Gem. §26 Soldatenlaufbahnverordnung können ausgebildete Offiziere frühestens nach 15 Jahren Oberst werden.

Damit ein Oberst General werden kann, muss er vorher Referatsleiter im BMVg gewesen sein. Dafür muss er wiederum mindestens eine Verwendung in der Besoldungsgruppe A16 und eine in B3 genossen haben. Gem. Personalentwicklungskonzept sollen diese Verwendungen mind. 2 Jahre dauern.

Theoretisch beträgt somit die reguläre Mindestdienstzeit eines Brigadegenerals 24 Jahre. Da Berufssoldaten (insbesondere Stabsoffiziere) fast immer auf eine freie Haushaltskarte warten müssen, damit sie befördert oder eingewiesen werden, sind Generale mit Anfang 50, also nach etwa 30 bis 35 Dienstjahren, die absolute Ausnahme!
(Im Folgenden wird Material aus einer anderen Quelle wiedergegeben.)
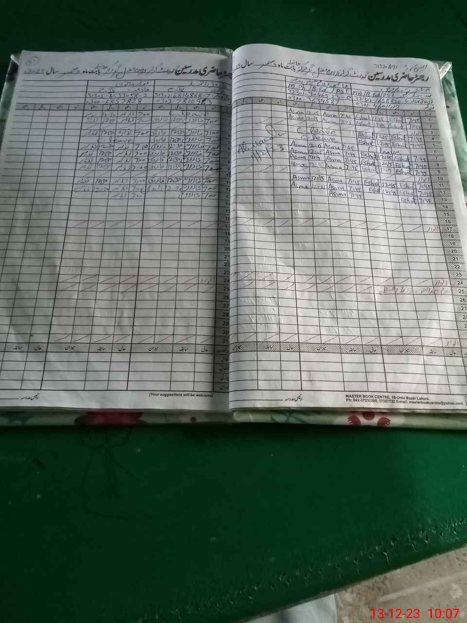| CNIC | Full Name | Designation | R/C | Absence During Last Calender Month |
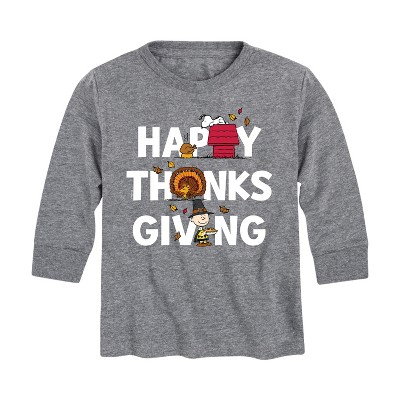 Boys' - Peanuts - Happy Thanksgiving Icons Long Sleeve Graphic T-Shirt
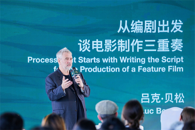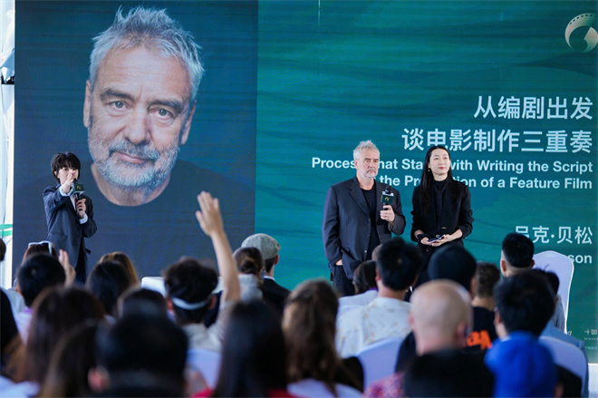 谈起同时作为编剧、导演、制片人三种身份,如何完成“电影制作三重奏”?吕克·贝松表示,他第一个真正的工作是编剧,15岁开始就买纸和笔不停写作,写了几千页太糟糕,就丢到垃圾桶重新开始。他说写《第五元素》写了400页,不好扔掉,又写了400页,不好扔掉,最后写200页留下了。当导演是在编剧之后,而当制片人时他要当好组织者,说服他人来投资,并且控制好预算,“我担任过100多部电影的制片人,只有一次超出预算”。
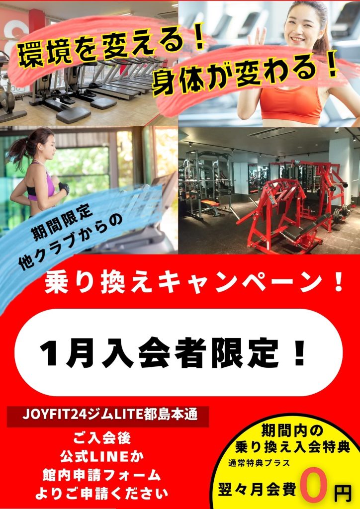 1月入会者の期間限定で、他クラブからの乗り換え入会の方は翌々月も0円!
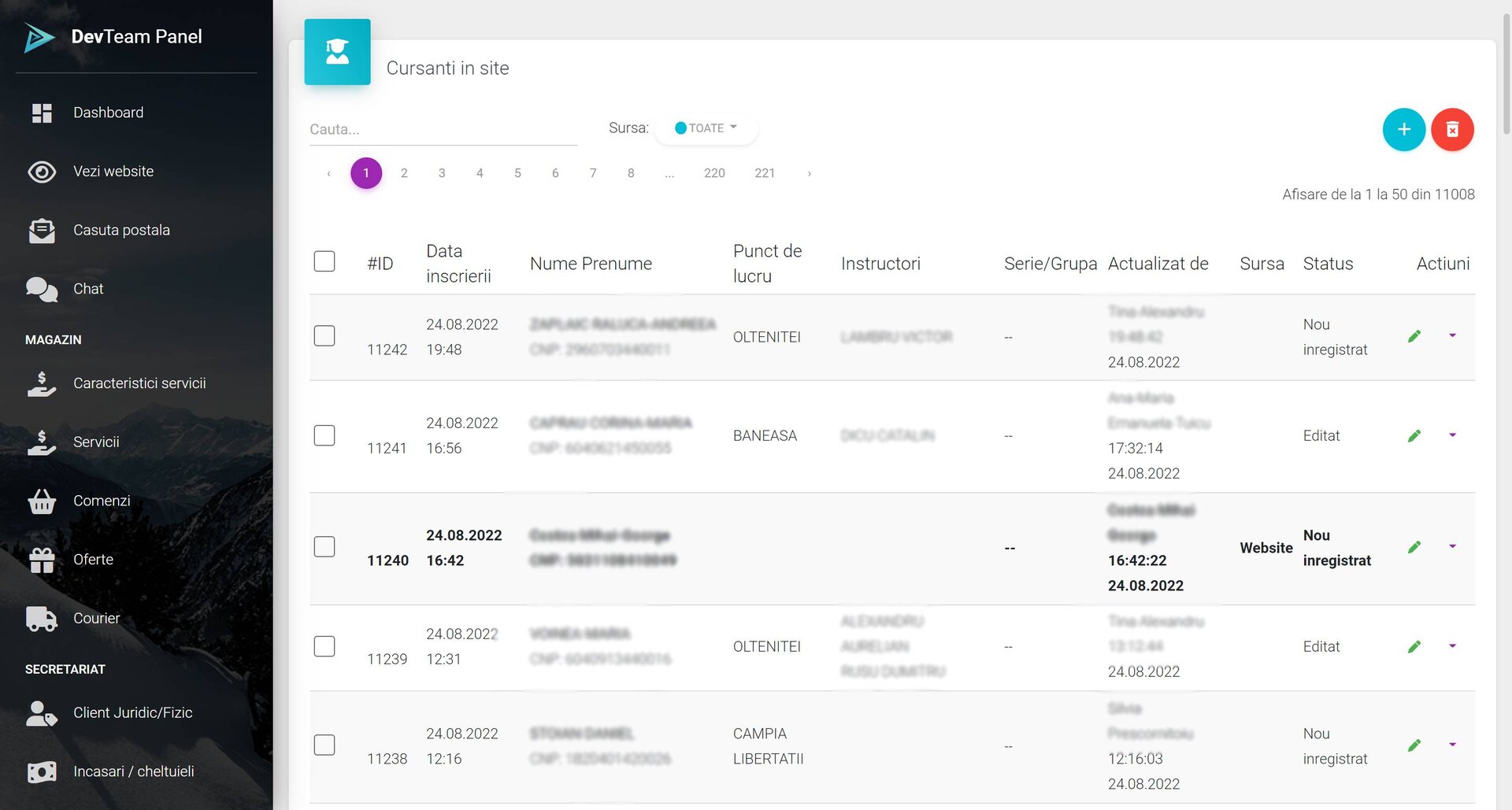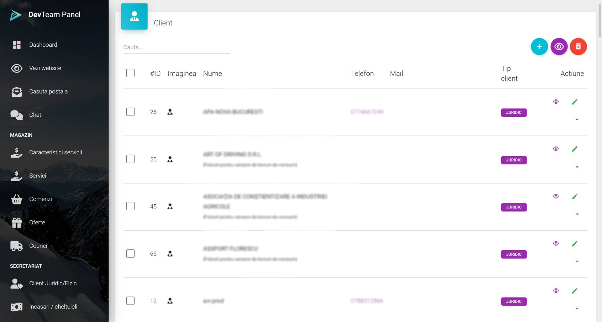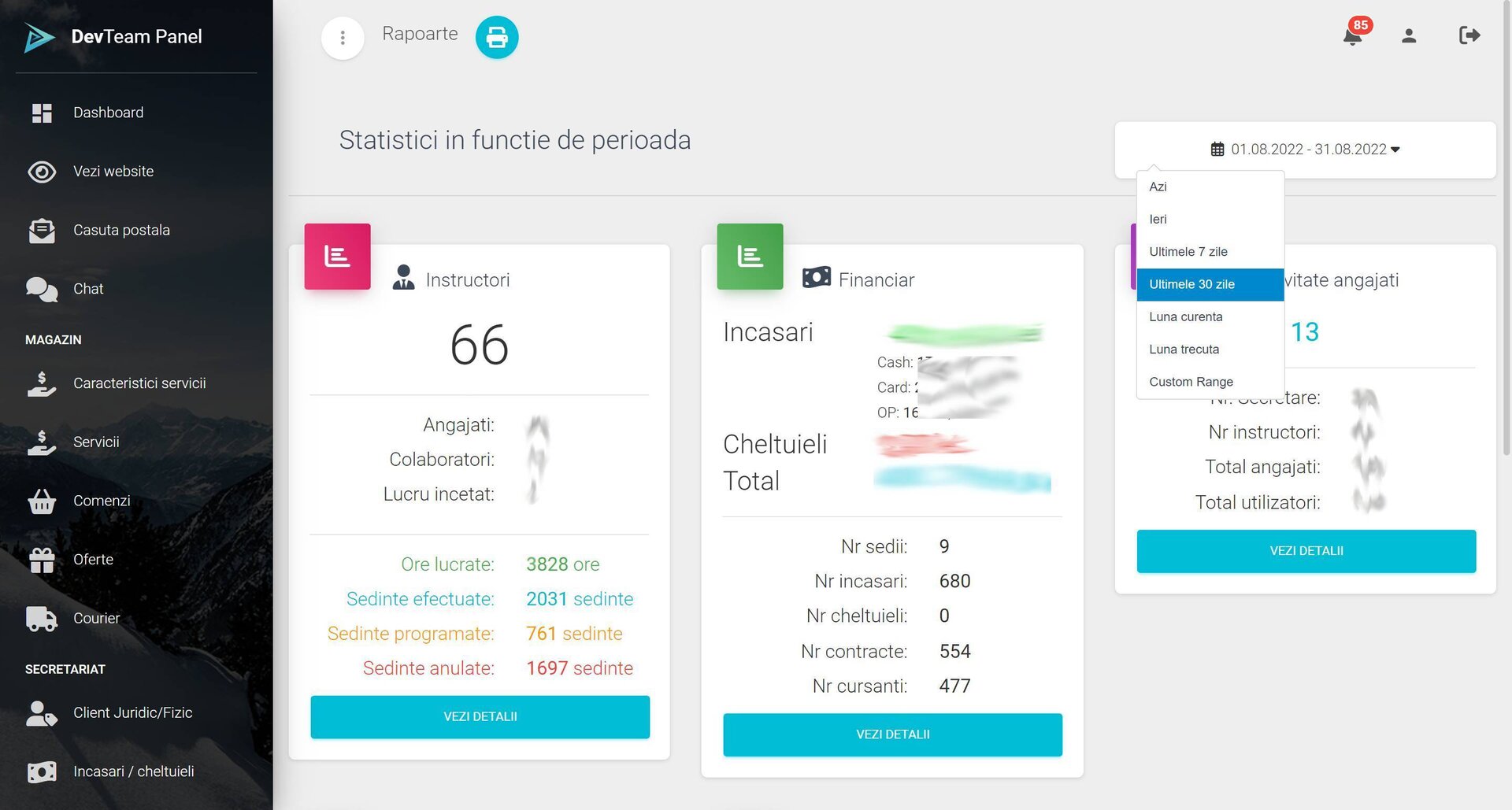 Panou de administrare: control centralizat al tuturor modulelor platformei.

Durch Heldentaten kann man die oben genannten Zeiten nicht verkürzen 😉

Sehr wohl können aber der Einstieg bei der Bw mit einem abgeschlossenen Studium, bestimmte zielgerichtete Verwendungen sowie eine hervorragende Persönlichkeit dazu beitragen, dass man nicht viel länger braucht, als die 24 Jahre, um General zu werden.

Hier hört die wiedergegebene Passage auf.